BEGIN Data section
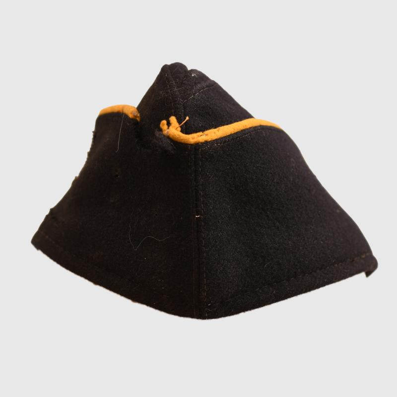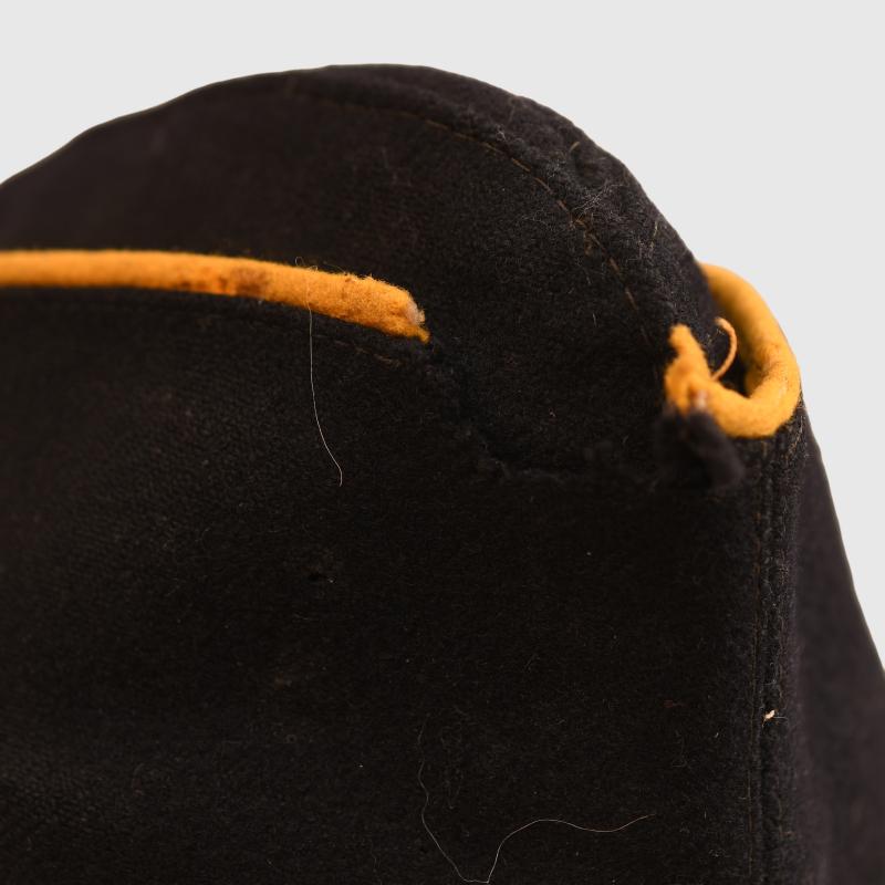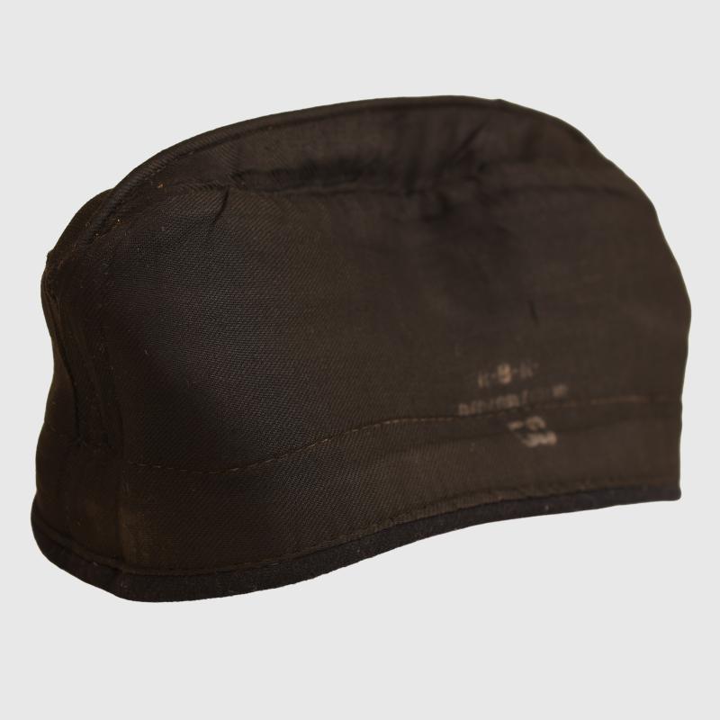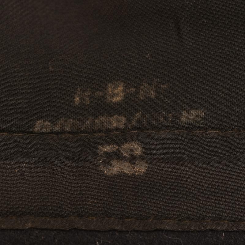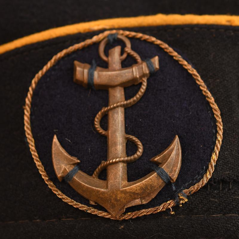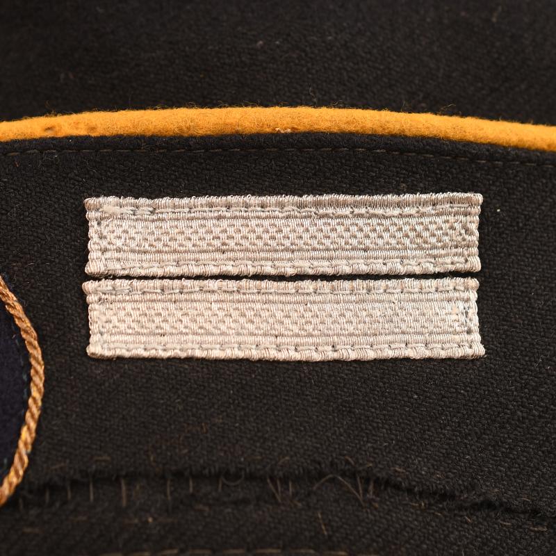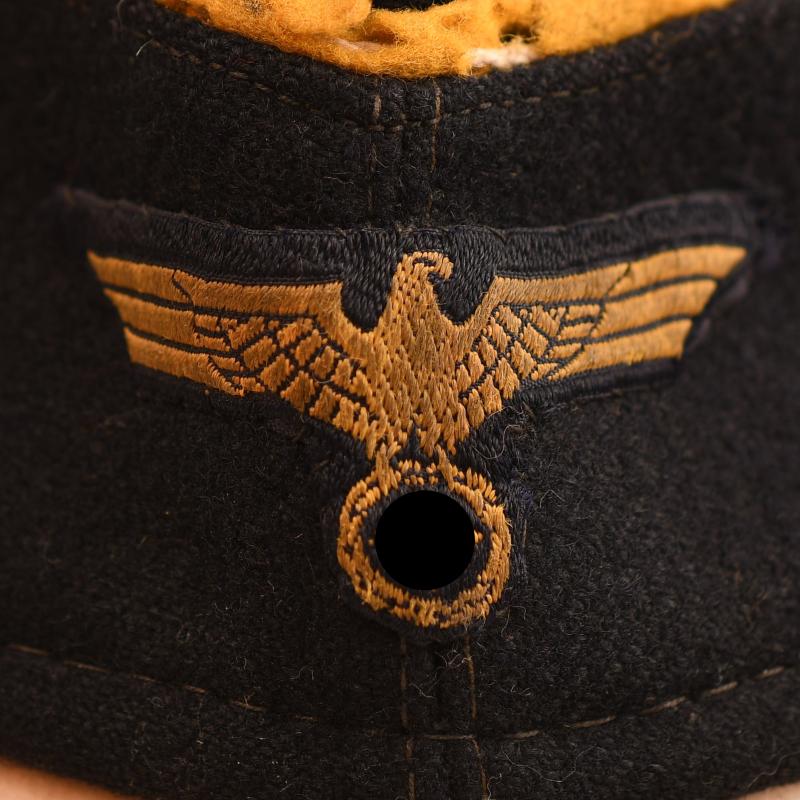 An extremely rare cap of good size either 57 or 58, worn by a Marine Haupthelferin. Standard boat shaped cap with the yellow piping surrounding the whole of the side curtain with the exception of a 2cm section at the reverse of the cap that seems to have been eaten away by a rodent of some form. Slight moth nips to the yellow piping around the front of the cap, with its correct yellow on blue Bevo woven eagle to the lower part of the front. To the left hand side of the cap is a circular section of Navy Blue wool with attached a nice quality fouled anchor with a gold twisted cord edging , two 5.5cm length of tress indicating the rank of Haupthelferin , below the rank lace is a cut in the cap 8 cm in length which has been collector sewn together. To the interior the standard Kriegsmarine style lining, RB numbered with a size that appears to be 58 but is indistinct. An extremely difficult cap to find, never seen before insignia. This has come from a recently acquired over 50 year old collection. It would appear that the ranking system defies official orders, as per page 382 of volume 2 of the excellent work Kriegsmarine Uniforms & Traditions where the rank insignia is described as being in gold, on the same page an image of the naval auxiliaries broach which is a facsimile of the larger size badge on the side of this cap indicating that the wearer may have been a Marine Helferin Auxiliary.
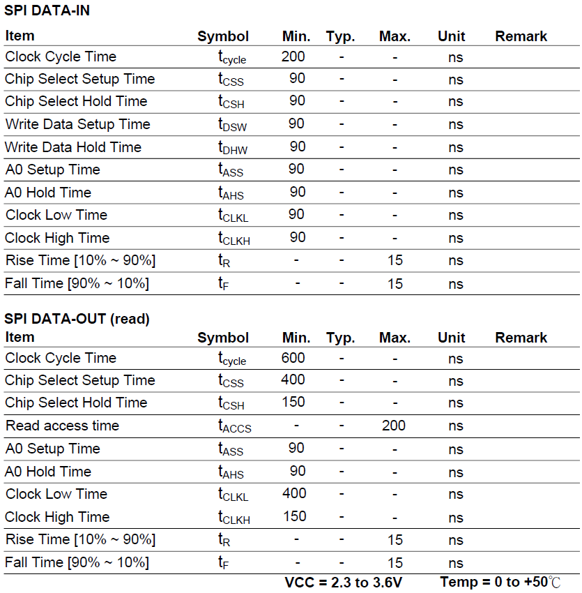 The maximum clock speed of the display is 20MHz (Write), 2.5MHz (Read).
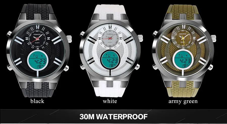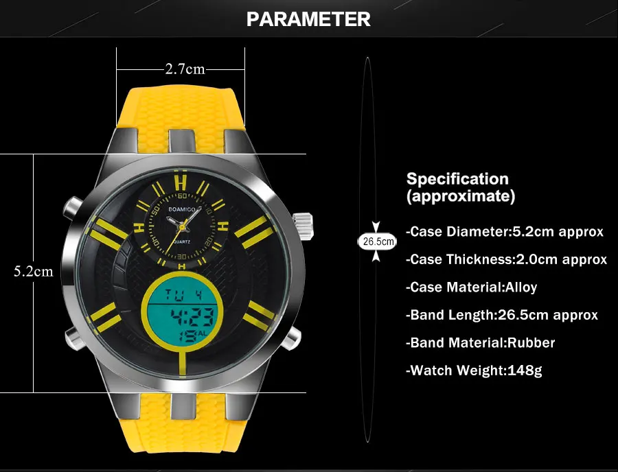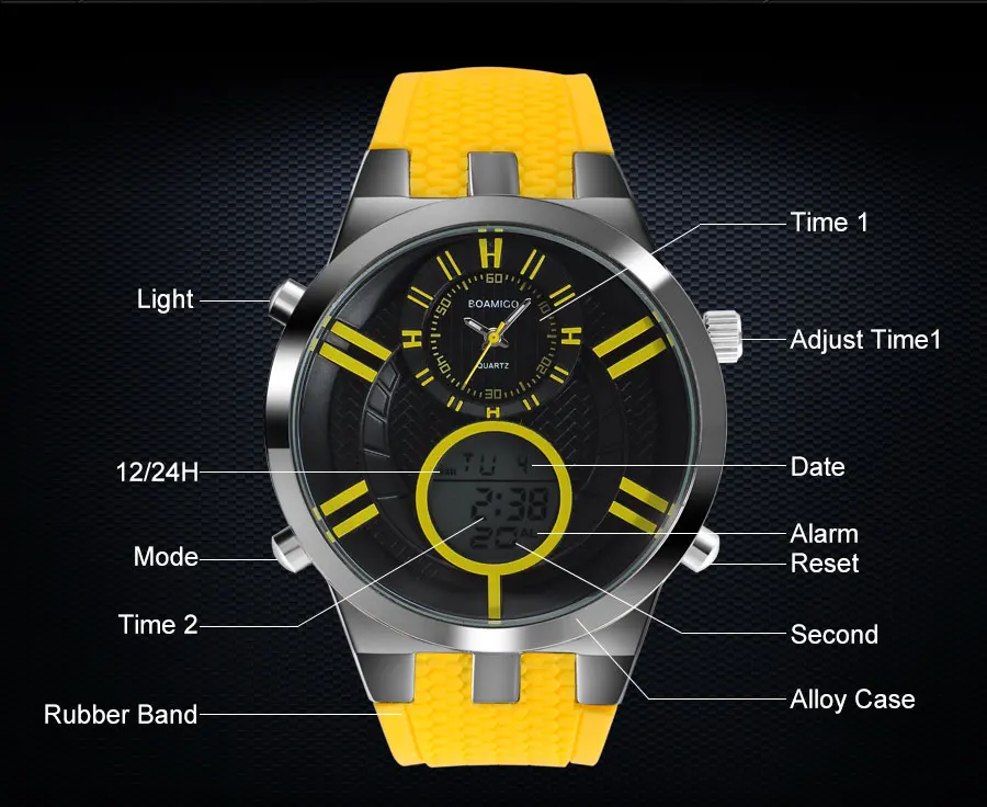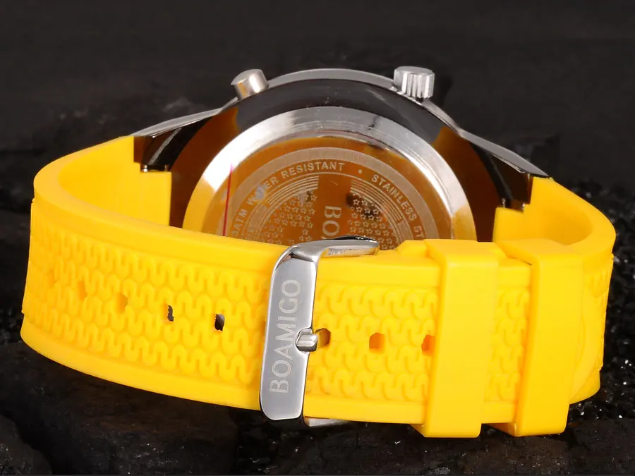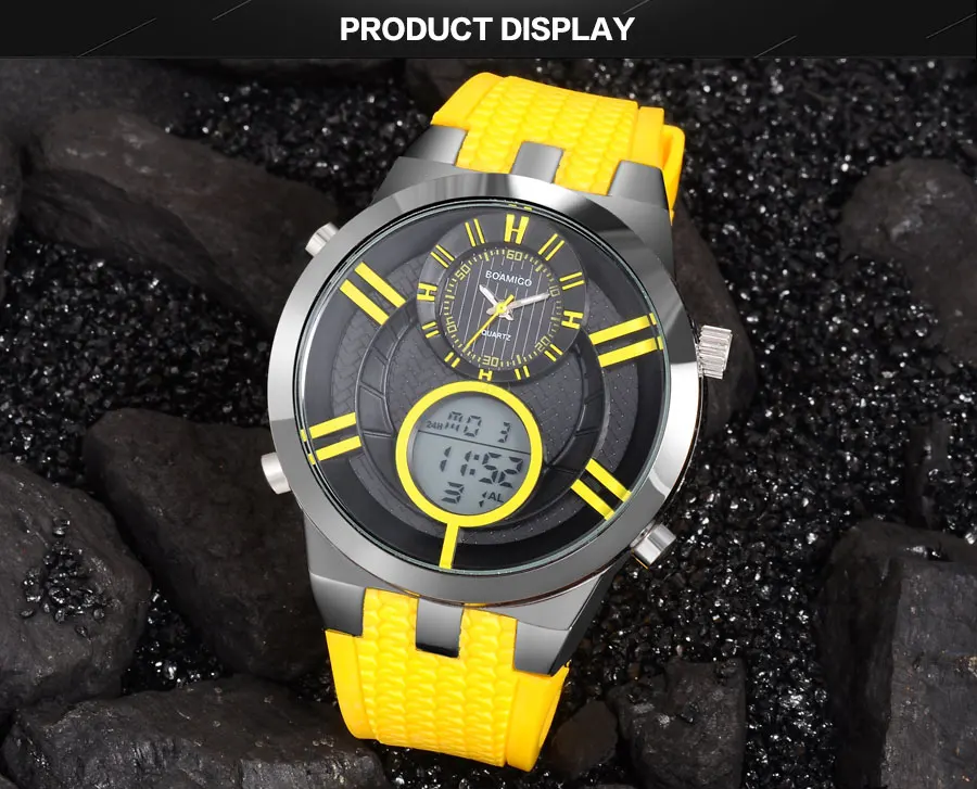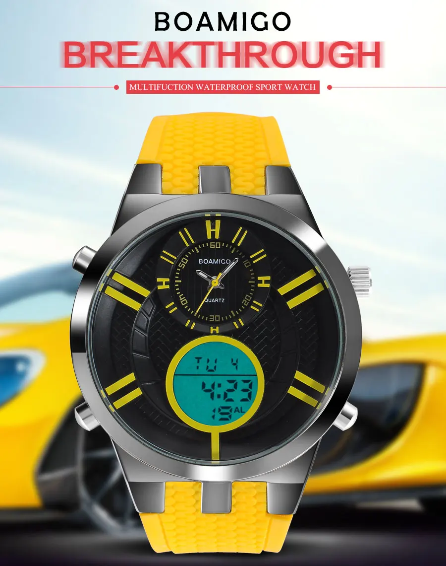 Мужские спортивные часы BOAMIGO, цифровые часы, мужские военные кварцевые часы, желтые резиновые водонепроницаемые Подарочные наручные часы, Reloj Hombre
END Data section
** Task instructions **
Write out the data above in full and exactly, but without the pictures.

** Response to the exercise **
 An extremely rare cap of good size either 57 or 58, worn by a Marine Haupthelferin. Standard boat shaped cap with the yellow piping surrounding the whole of the side curtain with the exception of a 2cm section at the reverse of the cap that seems to have been eaten away by a rodent of some form. Slight moth nips to the yellow piping around the front of the cap, with its correct yellow on blue Bevo woven eagle to the lower part of the front. To the left hand side of the cap is a circular section of Navy Blue wool with attached a nice quality fouled anchor with a gold twisted cord edging , two 5.5cm length of tress indicating the rank of Haupthelferin , below the rank lace is a cut in the cap 8 cm in length which has been collector sewn together. To the interior the standard Kriegsmarine style lining, RB numbered with a size that appears to be 58 but is indistinct. An extremely difficult cap to find, never seen before insignia. This has come from a recently acquired over 50 year old collection. It would appear that the ranking system defies official orders, as per page 382 of volume 2 of the excellent work Kriegsmarine Uniforms & Traditions where the rank insignia is described as being in gold, on the same page an image of the naval auxiliaries broach which is a facsimile of the larger size badge on the side of this cap indicating that the wearer may have been a Marine Helferin Auxiliary.
 The maximum clock speed of the display is 20MHz (Write), 2.5MHz (Read).
 Мужские спортивные часы BOAMIGO, цифровые часы, мужские военные кварцевые часы, желтые резиновые водонепроницаемые Подарочные наручные часы, Reloj Hombre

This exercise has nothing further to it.